INFORMATION:
§

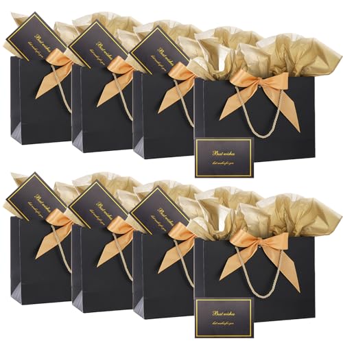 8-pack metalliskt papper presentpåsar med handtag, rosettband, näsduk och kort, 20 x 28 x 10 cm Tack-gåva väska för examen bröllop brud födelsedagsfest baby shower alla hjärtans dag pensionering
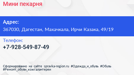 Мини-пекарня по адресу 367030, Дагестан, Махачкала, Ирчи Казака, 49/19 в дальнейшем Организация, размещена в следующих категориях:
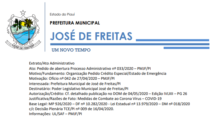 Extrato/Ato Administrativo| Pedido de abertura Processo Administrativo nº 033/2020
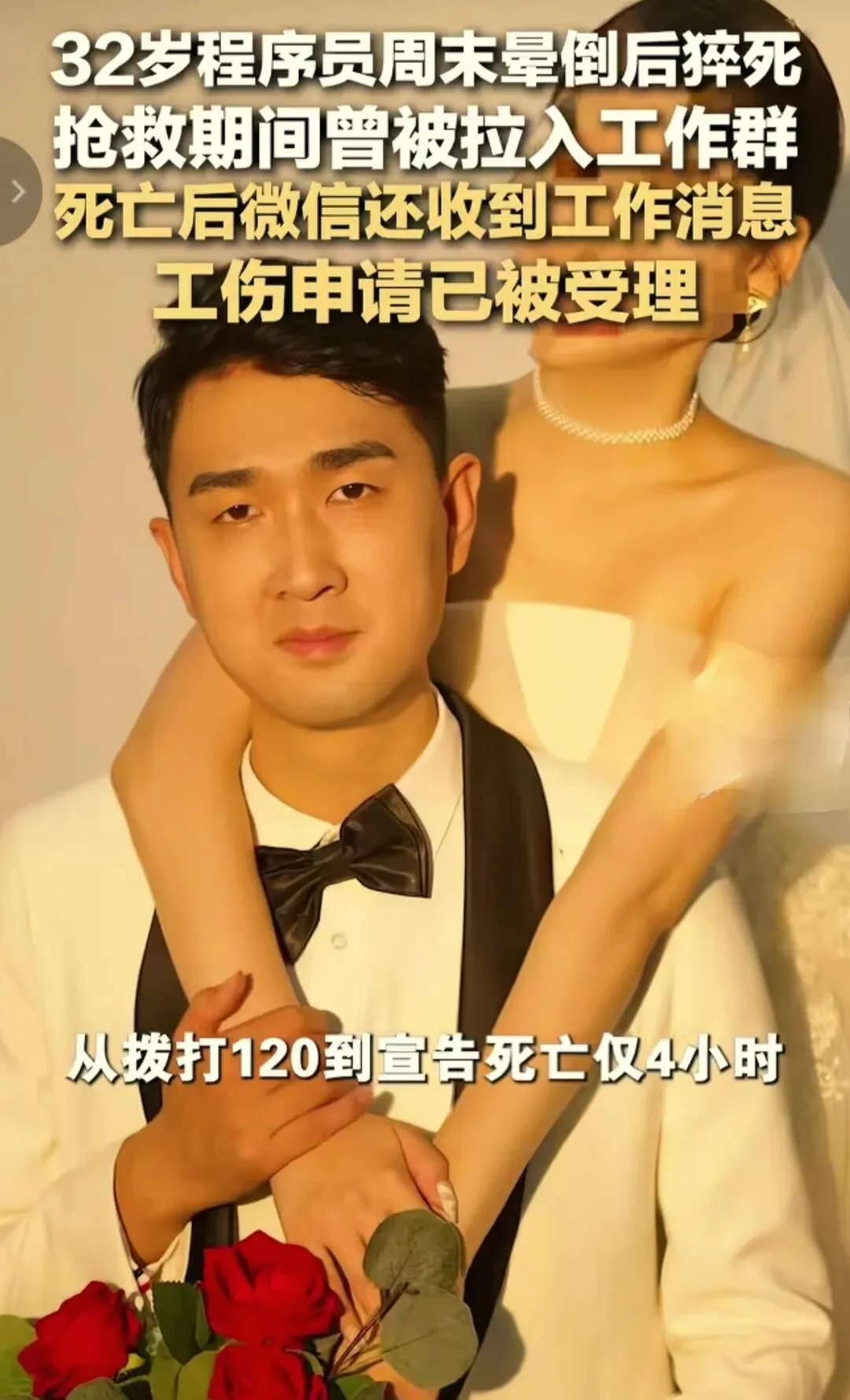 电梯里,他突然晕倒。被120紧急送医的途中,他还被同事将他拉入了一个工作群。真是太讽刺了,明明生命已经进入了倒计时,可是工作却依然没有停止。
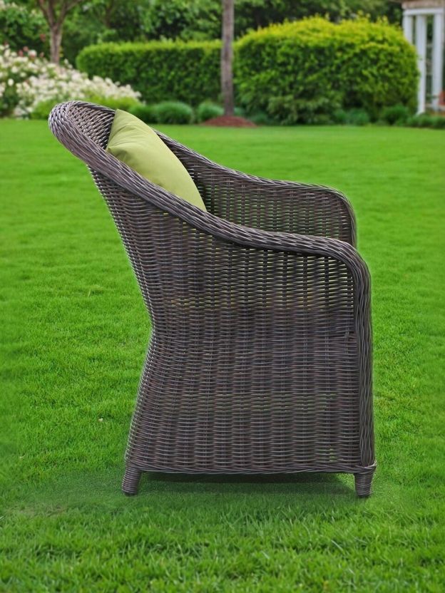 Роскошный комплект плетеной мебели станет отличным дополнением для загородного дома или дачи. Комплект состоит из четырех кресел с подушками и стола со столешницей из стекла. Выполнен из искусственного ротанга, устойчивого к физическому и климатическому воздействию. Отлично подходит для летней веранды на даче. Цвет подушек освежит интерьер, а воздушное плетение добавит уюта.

§

WHAT TO PRODUCE: Without including the pictures, copy all of the data exactly.

TASK RESULT:
 8-pack metalliskt papper presentpåsar med handtag, rosettband, näsduk och kort, 20 x 28 x 10 cm Tack-gåva väska för examen bröllop brud födelsedagsfest baby shower alla hjärtans dag pensionering
 Мини-пекарня по адресу 367030, Дагестан, Махачкала, Ирчи Казака, 49/19 в дальнейшем Организация, размещена в следующих категориях:
 Extrato/Ato Administrativo| Pedido de abertura Processo Administrativo nº 033/2020
 电梯里,他突然晕倒。被120紧急送医的途中,他还被同事将他拉入了一个工作群。真是太讽刺了,明明生命已经进入了倒计时,可是工作却依然没有停止。
 Роскошный комплект плетеной мебели станет отличным дополнением для загородного дома или дачи. Комплект состоит из четырех кресел с подушками и стола со столешницей из стекла. Выполнен из искусственного ротанга, устойчивого к физическому и климатическому воздействию. Отлично подходит для летней веранды на даче. Цвет подушек освежит интерьер, а воздушное плетение добавит уюта.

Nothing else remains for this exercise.